Adkins v. Commissioner of Social Security

CourtDistrict Court, N.D. Ohio
DecidedAugust 13, 2019
Docket3:18-cv-00388
StatusUnknown

This text of Adkins v. Commissioner of Social Security (Adkins v. Commissioner of Social Security) is published on Counsel Stack Legal Research, covering District Court, N.D. Ohio primary law. Counsel Stack provides free access to over 12 million legal documents including statutes, case law, regulations, and constitutions.

Bluebook
Adkins v. Commissioner of Social Security, (N.D. Ohio 2019).

Opinion

IN THE UNITED STATES DISTRICT COURT FOR THE NORTHERN DISTRICT OF OHIO WESTERN DIVISION Craig Allen Adkins, Case No. 3:18CV388 Plaintiff v.
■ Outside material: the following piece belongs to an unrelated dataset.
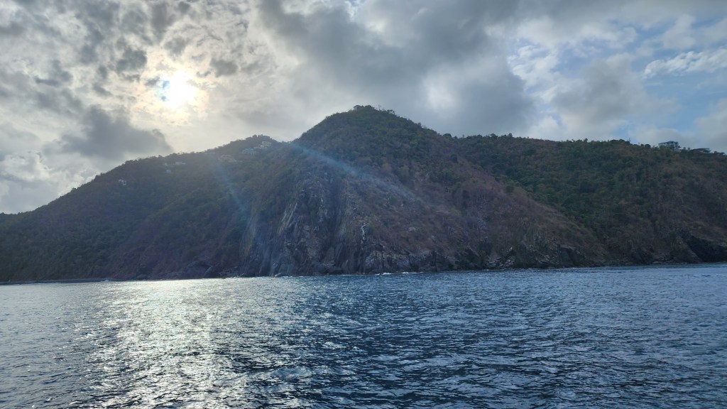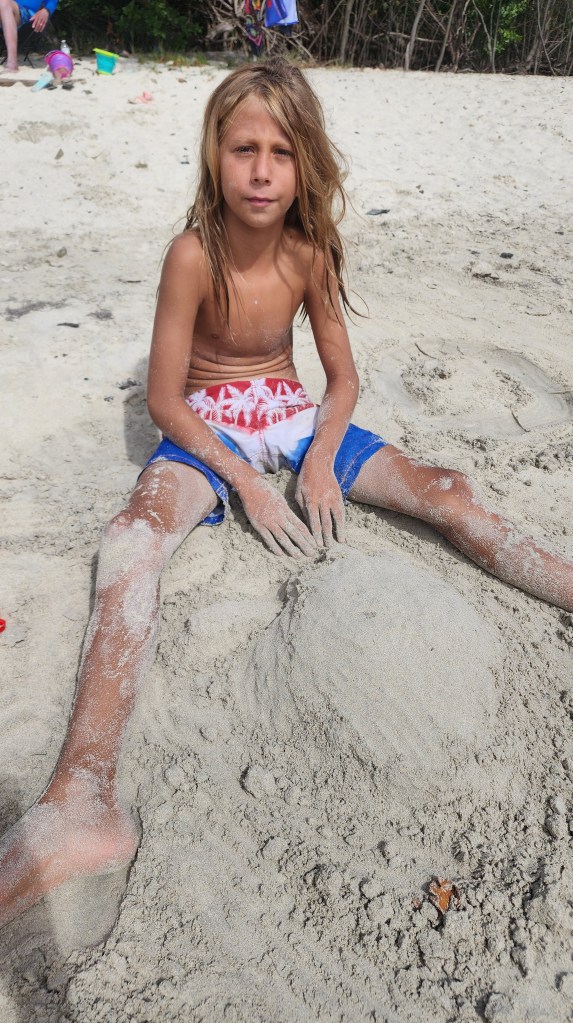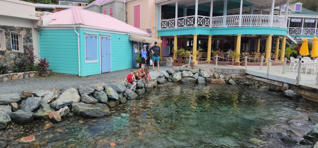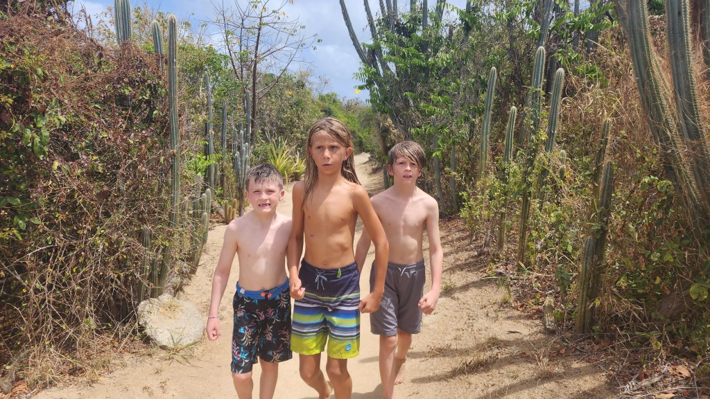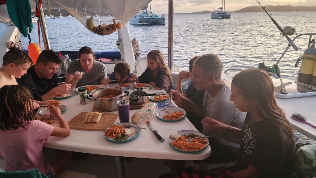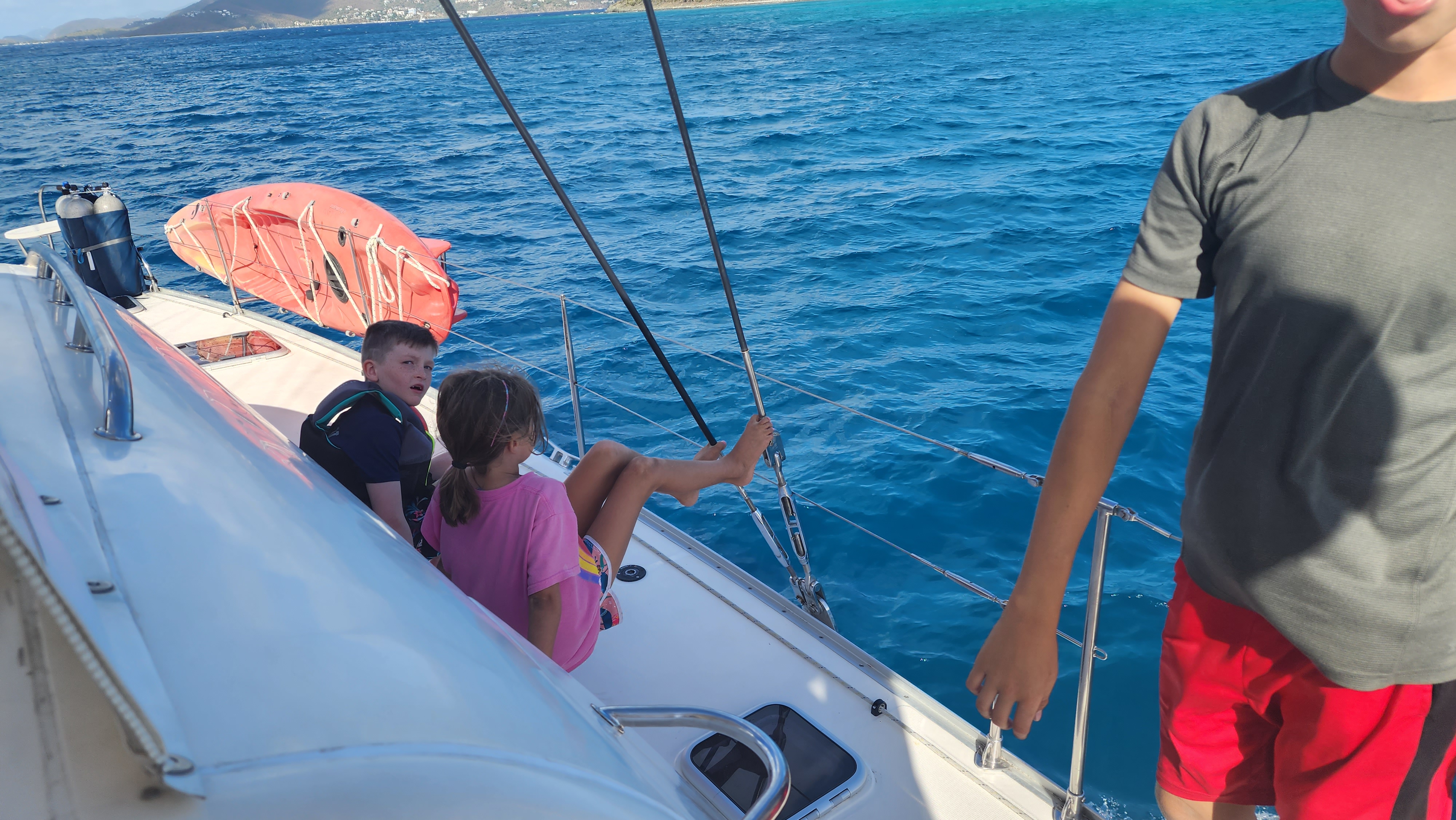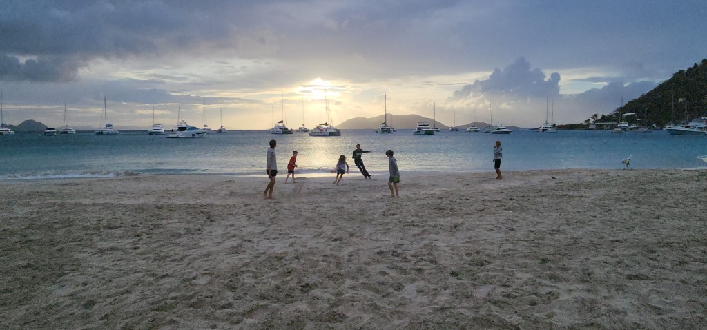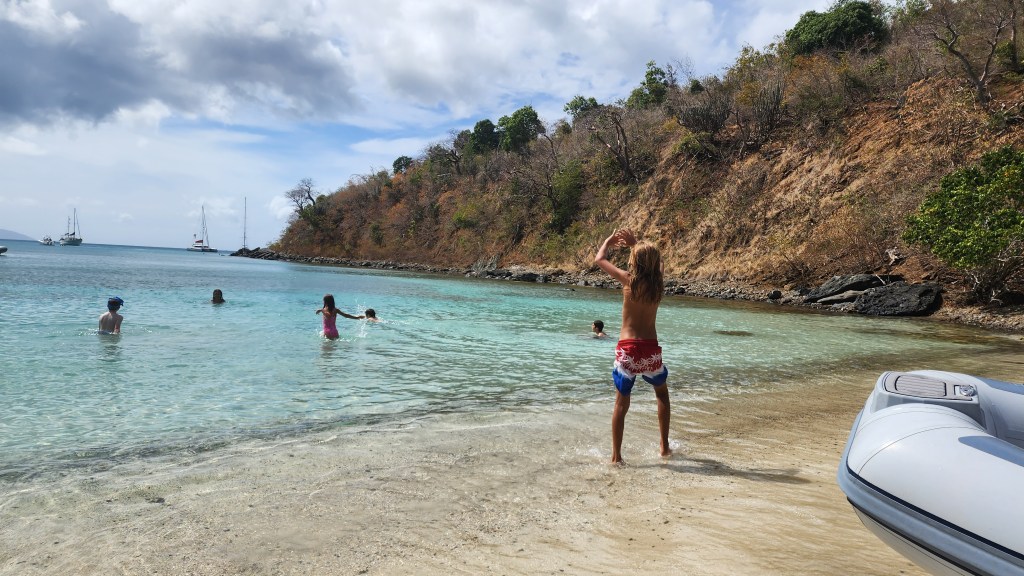 It was a little rough once we got out of the bay. We were beating right into the waves. The kids had fun jumping on the deck with waves. Cole in particular was getting some very big air. Sadly Marcus got sick. I’m sure being tired didn’t help. We tried to moor at Christmas Cove but it was full so we went on the Honeymoon/Caneel Bay on St. Johns. We got a mooring ball and the kids jumped in and swam. They all went to shore while Cale worked on de-clogging the poo and I made dinner. After an unsuccessful attempt from the top Cale decided to go in the water and try. I never thought I’d hear him say I hope I come back covered in poo. Sadly, no Poo. It’s still blocked.

ORDER Commissioner of Social Security, Defendant

This is a Social Security case in which the plaintiff, Craig Adkins, successfully appealed from the Commissioner’s decision denying his application for benefits. Adkins v. Comm’r of Soc. Sec., 2019 WL 1040943 (N.D. Ohio) (Carr, J.). Pending is Adkins’s motion for attorney fees pursuant to the Equal Access to Justice Act, 28 U.S.C. § 2412. (Doc. 19). The Commissioner opposes. (Doc. 20).1 For the reasons that follow, Igrant the motionin part.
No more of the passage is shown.